→ What is required
Start at the line in the entries below that contains "it is vital;", stop at the line that contains "The results were", and output exactly the lines in that span, both ends included.
BEGIN Listed records
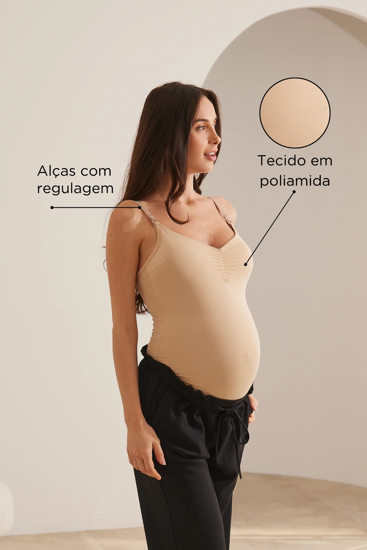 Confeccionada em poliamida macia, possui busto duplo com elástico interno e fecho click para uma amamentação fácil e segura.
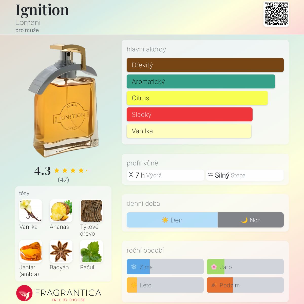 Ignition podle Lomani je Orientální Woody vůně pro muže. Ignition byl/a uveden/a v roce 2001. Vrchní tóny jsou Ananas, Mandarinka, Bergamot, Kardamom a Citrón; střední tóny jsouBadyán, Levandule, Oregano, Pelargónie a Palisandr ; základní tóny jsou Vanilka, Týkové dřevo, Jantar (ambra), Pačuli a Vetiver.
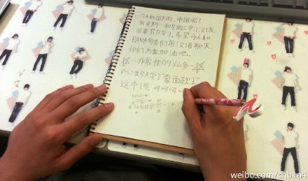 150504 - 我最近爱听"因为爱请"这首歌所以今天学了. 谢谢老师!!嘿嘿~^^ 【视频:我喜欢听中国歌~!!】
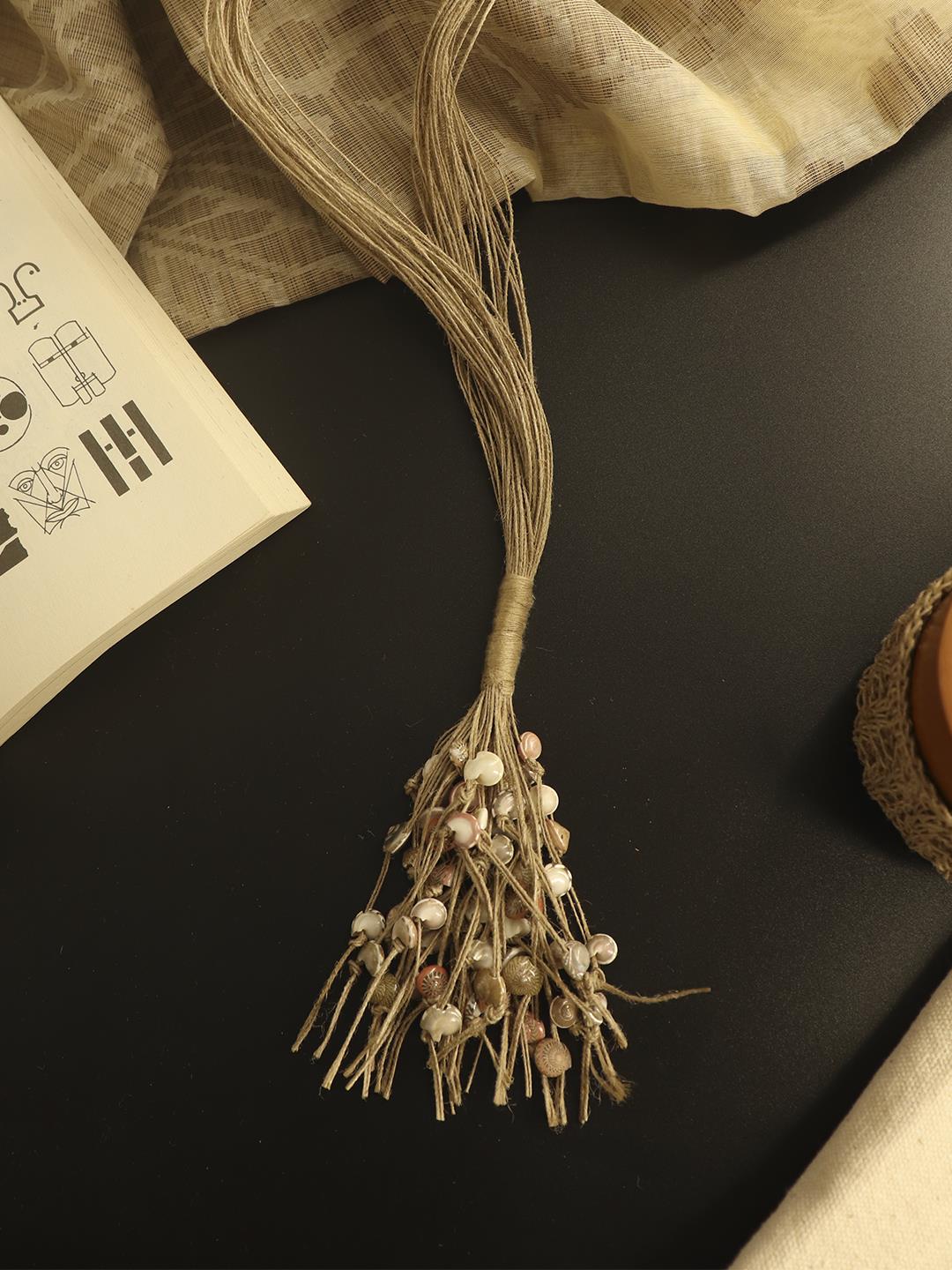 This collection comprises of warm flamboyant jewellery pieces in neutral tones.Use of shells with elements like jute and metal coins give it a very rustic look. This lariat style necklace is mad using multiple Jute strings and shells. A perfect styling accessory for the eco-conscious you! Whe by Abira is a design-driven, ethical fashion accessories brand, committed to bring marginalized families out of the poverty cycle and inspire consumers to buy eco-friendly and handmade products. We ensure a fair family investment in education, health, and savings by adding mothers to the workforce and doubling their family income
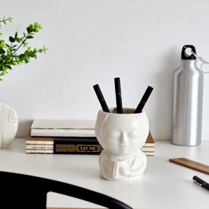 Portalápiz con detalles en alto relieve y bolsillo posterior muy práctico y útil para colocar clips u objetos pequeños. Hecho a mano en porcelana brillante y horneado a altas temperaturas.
END Listed records
BEGIN Listed records
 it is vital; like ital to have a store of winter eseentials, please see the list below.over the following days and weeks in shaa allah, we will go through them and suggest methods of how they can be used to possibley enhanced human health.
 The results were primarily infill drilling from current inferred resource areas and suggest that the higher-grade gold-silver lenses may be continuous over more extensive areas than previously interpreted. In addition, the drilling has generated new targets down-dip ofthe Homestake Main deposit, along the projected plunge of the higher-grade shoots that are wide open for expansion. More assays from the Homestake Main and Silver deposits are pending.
END Listed records
BEGIN Listed records
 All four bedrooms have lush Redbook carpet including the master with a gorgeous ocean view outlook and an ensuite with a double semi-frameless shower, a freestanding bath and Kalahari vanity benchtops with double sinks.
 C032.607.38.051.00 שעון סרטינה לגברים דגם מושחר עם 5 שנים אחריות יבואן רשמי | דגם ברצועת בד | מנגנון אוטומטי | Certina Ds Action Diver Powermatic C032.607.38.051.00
END Listed records
→ Result of this exercise
 it is vital; like ital to have a store of winter eseentials, please see the list below.over the following days and weeks in shaa allah, we will go through them and suggest methods of how they can be used to possibley enhanced human health.
 The results were primarily infill drilling from current inferred resource areas and suggest that the higher-grade gold-silver lenses may be continuous over more extensive areas than previously interpreted. In addition, the drilling has generated new targets down-dip ofthe Homestake Main deposit, along the projected plunge of the higher-grade shoots that are wide open for expansion. More assays from the Homestake Main and Silver deposits are pending.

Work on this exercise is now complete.